Participants were required to fast overnight for >8 h to obtain their fasting venous blood specimens the next morning. Their blood samples were used to perform blood biochemical assessments and routine blood tests in the DiAn Medical Laboratory Center. Serum creatinine (Scr) levels were measured using enzymatic methods on a Roche C702 automatic biochemical analyzer [32,34,35].

2.3. Diabetes, Hypertension, and Hyperlipidemia in Menopausal Women

In this study, menopause was defined as a retrospectively diagnosed cessation of menstruation for >12 months. The reproductive period was defined as the age at menopause (years, continuous variable) minus the age at menarche (years, continuous variable). The reproductive period was then assessed as a quintile categorical variable (18–31, 31–33, 33–35, 35–37, 37–45 years) in the analyses.

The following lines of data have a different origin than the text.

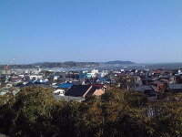 桜と観音堂。あいにくの天気でしたが、相模湾の雄大な眺望が広がる見晴台。
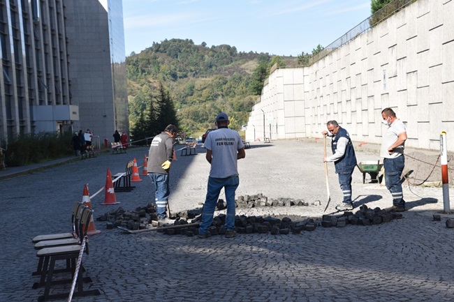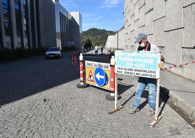 Kdz. Ereğli Belediyesi, Kdz. Ereğli Devlet Hastanesi girişi ile Acil Servis arasında kalan taş parke yolda tamirat çalışmalarına başladı.
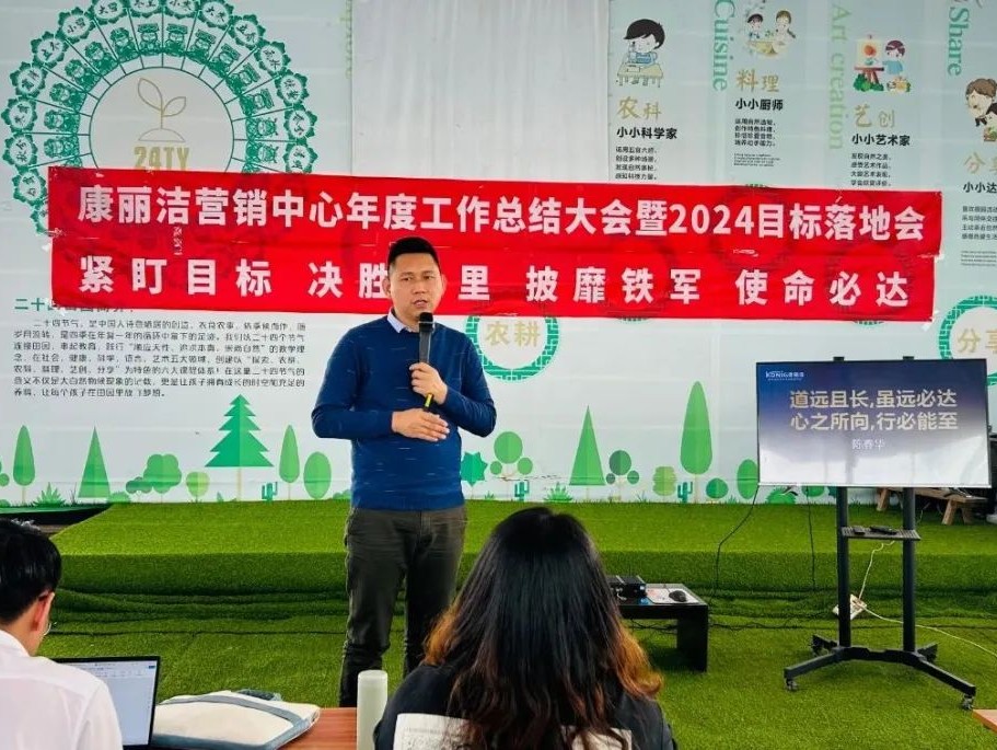 康丽洁玉林运营中心黄总携运营团队登台致辞,通过"三大维度战略部署"系统阐释区域发展规划:以用户价值为核心构建品牌护城河,依托数字化工具赋能终端运营,创新帮扶模式打造差异化竞争力。
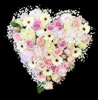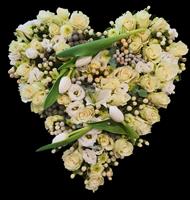 Photo for illustration purposes only | Cœur blanc Cœur de fleurs variées de tonalité blanche avec entrelacs de feuillage - Diamètre 45 cm
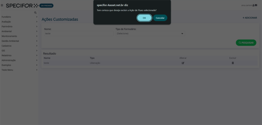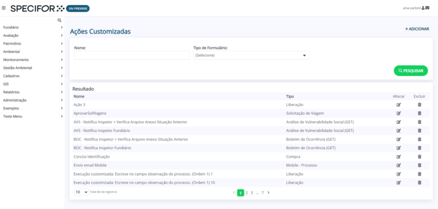 Esta seção descreve como acessar e gerenciar ações customizadas no Specifor, permitindo que você visualize, crie, edite e exclua ações customizadas do sistema.
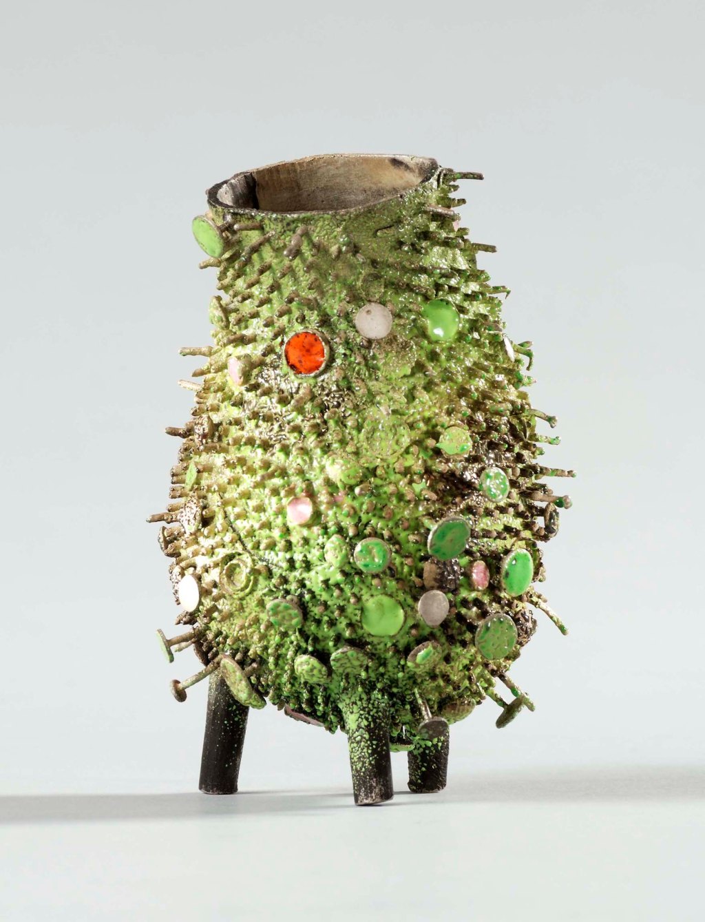 Den 1. Preis des Hessischen Staatspreises für das Deutsche Kunsthandwerk erhielt Julika Müller 2011 für Ihre Schmuckobjekte aus gegossenen Metallkörpern. (Pressetext)
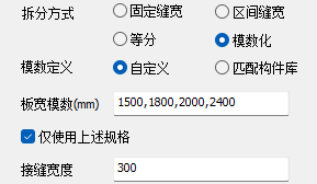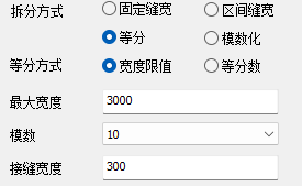 【限宽等分】:在保证预制板宽度尺寸不大于【最大宽度】的情况下,取最小拆分数作为等分数进行拆分。
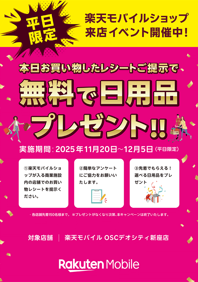 OSCデオシティ新座内の店舗で当日お買い物したレシートを、楽天モバイル店頭でスタッフにご提示いただき、簡単なアンケートにご協力いただいたお客さまに、選べる日用品を先着でプレゼントします!
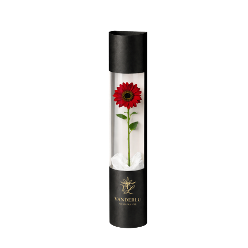 Tournesol éternel Petite Rouge en boîte premium. Cadeau passionné et lumineux à Lausanne.
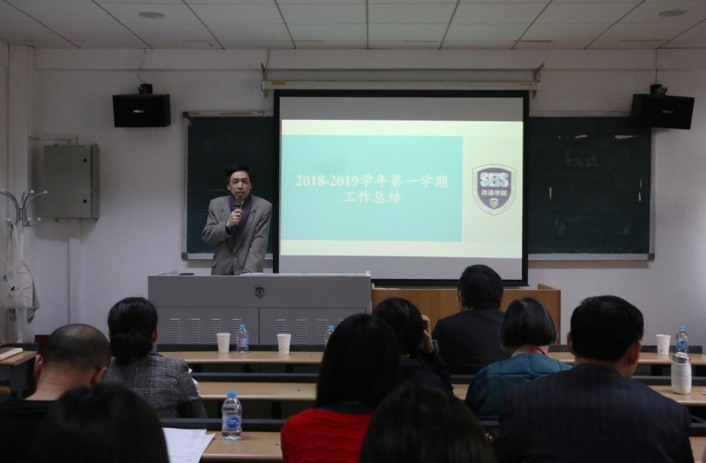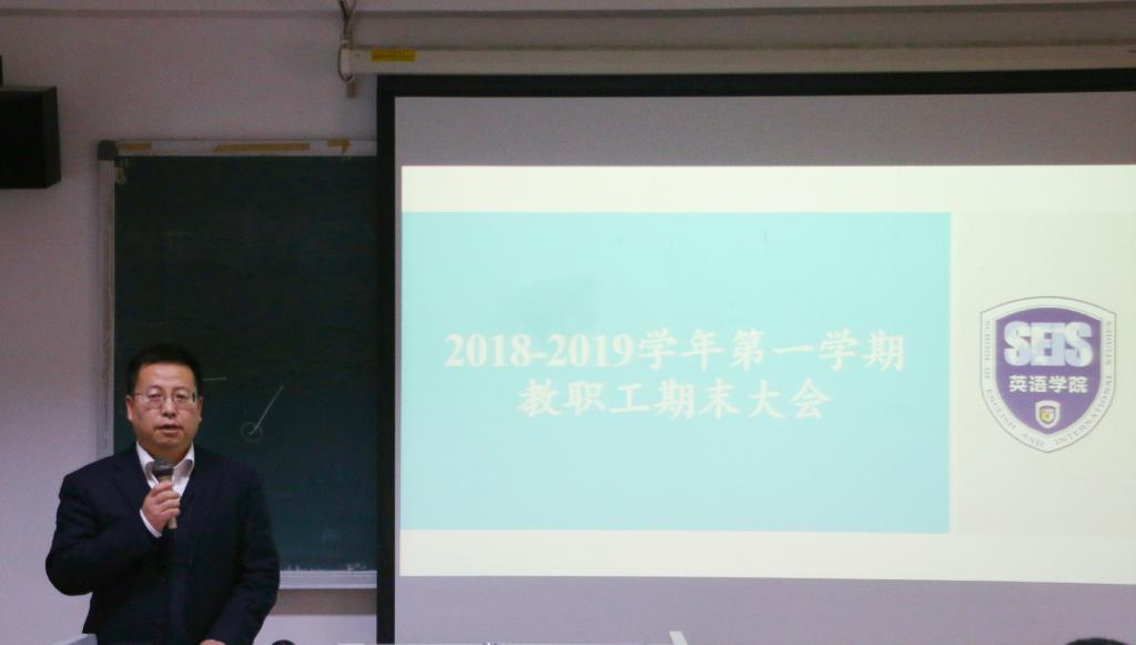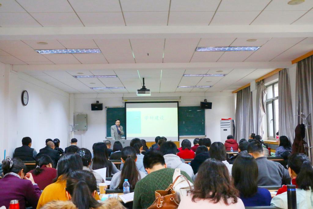 2019年1月11日上午,jinnianhui今年会在417教室组织召开2018-2019学年第一学期期末工作总结会。会议由jinnianhui今年会党总支书记路兴主持,学校分管联系jinnianhui今年会工作的校领导彭龙校长莅临指导并讲话。jinnianhui今年会全院教职员工出席参会。

The diagnosis of T2DM was defined according to the International Diabetes Federation criteria of fasting plasma glucose (FPG) level ≥ 7.0 mmol/L, or HbA1c ≥6.5% or a previous diagnosis of T2DM [36]. Hypertension was defined as systolic blood pressure (SBP) ≥ 140 mmHg and/or diastolic blood pressure (DBP) ≥ 90 mmHg and/or a previous diagnosis of hypertension. Hyperlipidemia was defined as total cholesterol (TC) ≥ 6.20 mmol/L or triglycerides (TG) ≥ 2.30 mmol/L, HDL-C < 1.00 mmol/L, LDL-C ≥ 4.10 mmol/L, and/or a previous diagnosis of hyperlipidemia.

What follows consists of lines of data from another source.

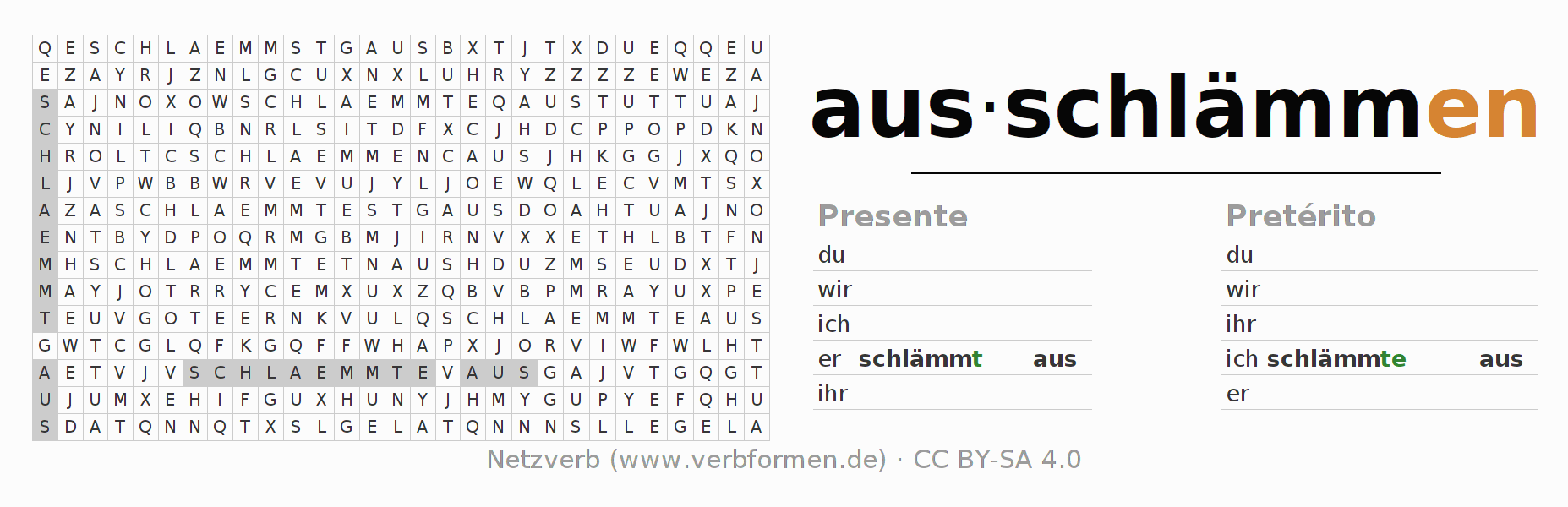 Solução do caça-palavras para a conjugação do verbo ausschlämmen
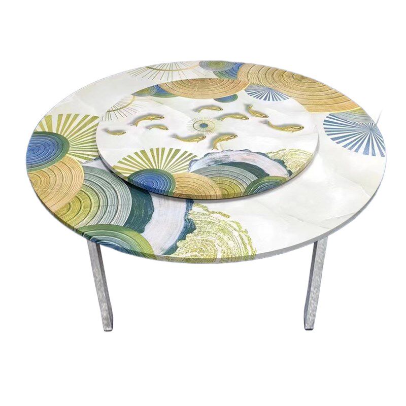 不锈钢圆桌带转盘可折叠桌子圆形加厚3D彩图家用餐桌大小户型饭桌
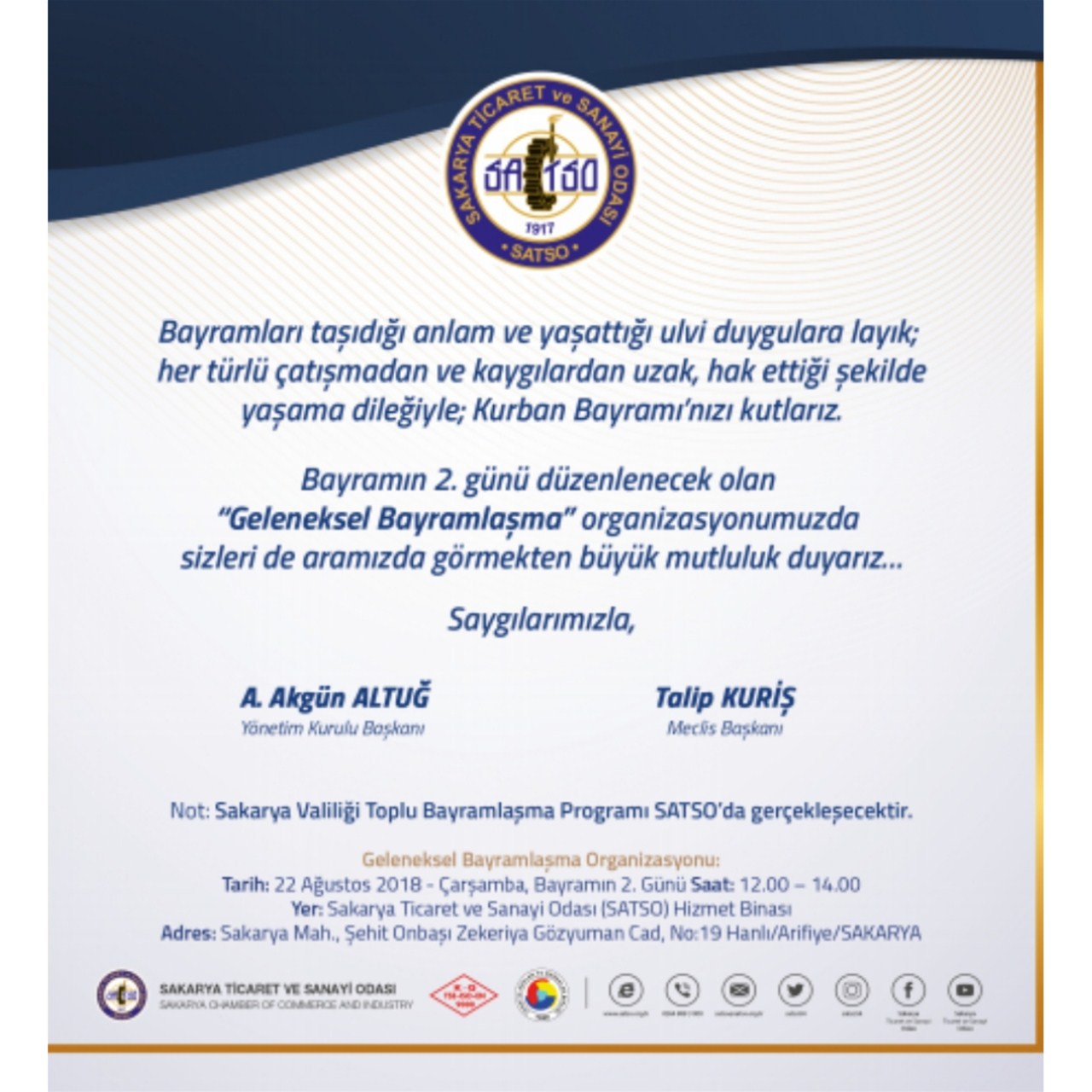 SATSO Geleneksel Bayramlaşma Töreni, 22 Ağustos 2018 Çarşamba günü (bayramın 2. Günü) 12.00-14.00 saatleri arasında SATSO Hizmet Binası Bahçesinde gerçekleştirilecek. Sakarya Valiliğimizin Toplu Bayramlaşma Törenini de içeren programımıza tüm üyelerimizin teşriflerini bekler, katılımlarından memnuniyet duyarız”

2.4. Metabolic Equivalents of Tasks

MET levels were obtained from the 2000 Compendium of Physical Activities to include moderate-intensity activities between 3 and 6 METs and vigorous-intensity activities as >6 METs [37]. The weighted MET-minutes per week (MET × min/w) were calculated as duration × frequency per week × MET intensity, which were summed across activity domains to produce a weighted estimate of total physical activity from all reported activities per week (MET × min/w). MET was converted to the logarithm of MET (logMET) for statistical analysis.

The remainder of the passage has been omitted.